At the Jan. 21 culminating event, keynote speaker Kayongo celebrated King’s message by urging attendees to work together to live out America’s promise of equality for all.

Kayongo shared his journey from Ugandan refugee to successful entrepreneur. He is the former CEO of Atlanta’s National Center for Civil and Human Rights and founder of the Global Soap Project, a humanitarian aid organization that collects discarded and unused soap from thousands of hotels worldwide, reprocesses it, then distributes it populations around the world without access to basic hygiene products.

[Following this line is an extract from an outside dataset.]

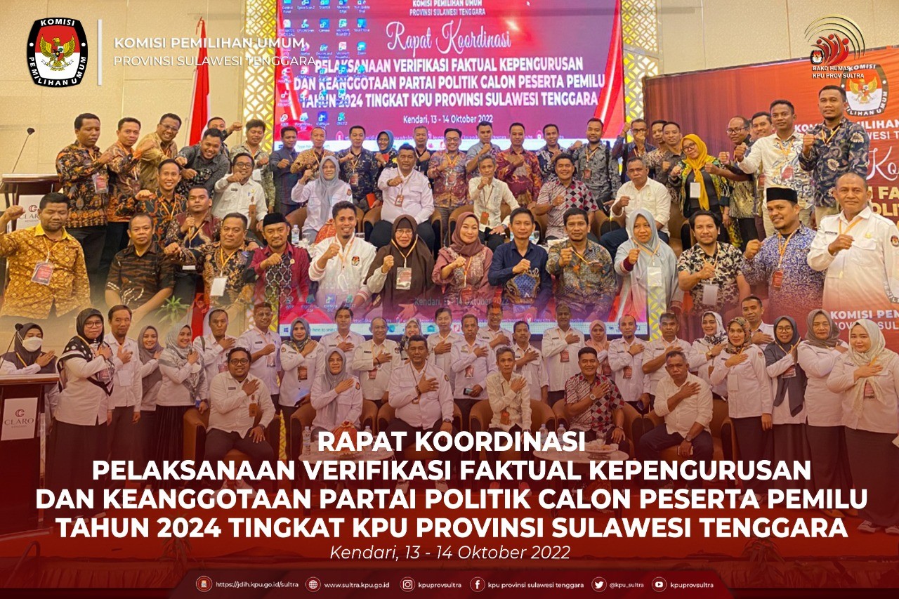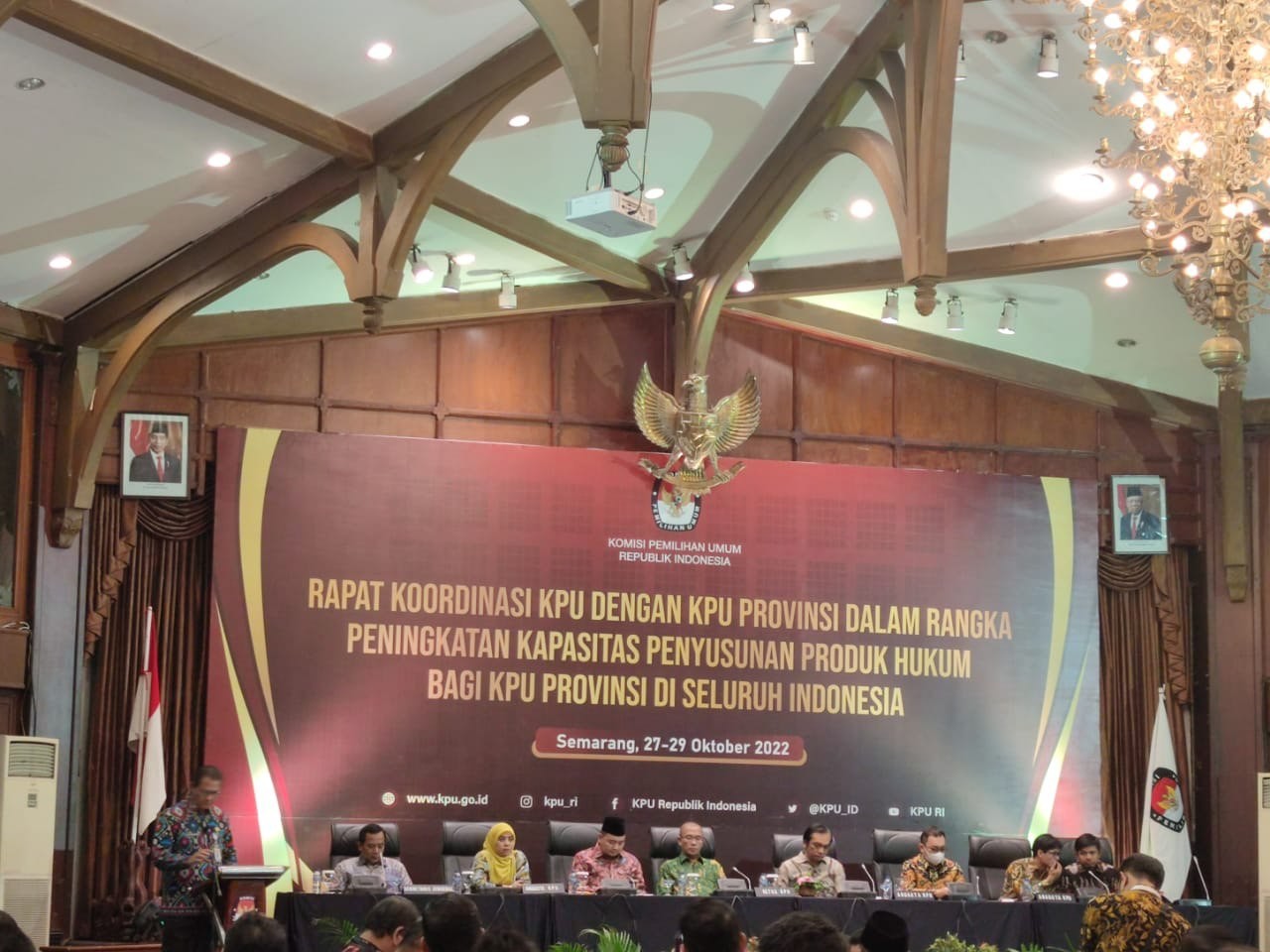 KPU Provinsi Sulawesi Tenggara mengikuti Rapat Koordinasi KPU dengan KPU Provinsi dalam rangka Peningkatan Kapasitas Penyusunan Produk Hukum bagi KPU Provinsi, yang diikuti oleh Ketua KPU Prov. Sultra bapak La Ode Abdul Natsir, Anggota KPU Prov. Sultra Divisi Hukum dan Pengawasan Ade Suerani, Kabag TPPHS Baharuddin, serta Kasubag Hukum dan SDM Taufik Ahmad. Produk Hukum KPU tidak boleh cacat hukum, pesan Ketua KPU RI Hasyim Asy'aridi dalam membuka Rapat Koordinasi KPU dengan KPU Provinsi Dalam Rangka Peningkatan Kapasitas Penyusunan Produk Hukum Bagi KPU Provinsi Di Seluruh Indonesia, yang di gelar di Semarang 27 s/d 29 Oktober 2022. dihadapan 133 peserta rapat Ketua KPU RI Hasyim menekankan bahwa untuk format surata atau dokumen, KPU sudah memiliki standarisasi melalui PKPU Nomor 1 Tahun 2022 Tentang Tata Cara Pembentukan Peraturan dan Keputusan di Lingkungan Komisi Pemilihan Umum, dan PKPU Nomorn 2 tahun 2021 Tentang Tata Naskah Dinas Komisi Pemilihan Umum, Komisi Pemilihan Umum Provinsi, dan Komisi Pemilihan Umum Kabupaten/kota. Hasyim juga mengingatkan kepada KPUProvinsi dan KPU Kabupaten/Kota tidak bisa membuat produk hukum yang melampaui kewenangannya. turut hadir Inspektur Utama, Nanang Priyatna, Deputi Bidang Dukungan Teknis, Eberta kawina, Inspektorat Wilayah I dan III, Pejabata Eselon I dan II, serta jajaran Setjen KPU serat Anggota KPU Provinsi yang membidangi bidang hukum.

He got the idea after noticing how much soap is discarded in hotels. He noted that hotels throw away 800 million bars of soap annually. Realizing that two million children die each year from poor hygiene, recycling soap became a business opportunity and a way to solve a global problem. Kayongo encouraged university students to find their purpose in solving global problems. He used the acronym SELF to discuss how people can change the world through service, education, leadership and faith.

“What I’m trying to say to you today is that everything begins with you. The moral arc of the universe bends toward justice, but it doesn’t bend by itself. If we are to do this work together, we have to bend that work together,” Kayongo said. “It’s not just the African Americans who have to talk about justice in this country. It’s not just the Native community that we found here that has to do that work. We all have to do the work.”

People come from all over the world to try the American experiment, and pursue opportunities for a better life, he said.

“And so when we talk about MLK, we are talking about an agreement that everyone should be treated equally,” Kayongo said. “America was never built by one group of people. It’s all of us together. We are all here equally and we should all be availed the opportunity to grow and prosper, because if we do that then a Derreck is possible. A Derreck can come from Uganda and come to your best universities here and solve problems globally.”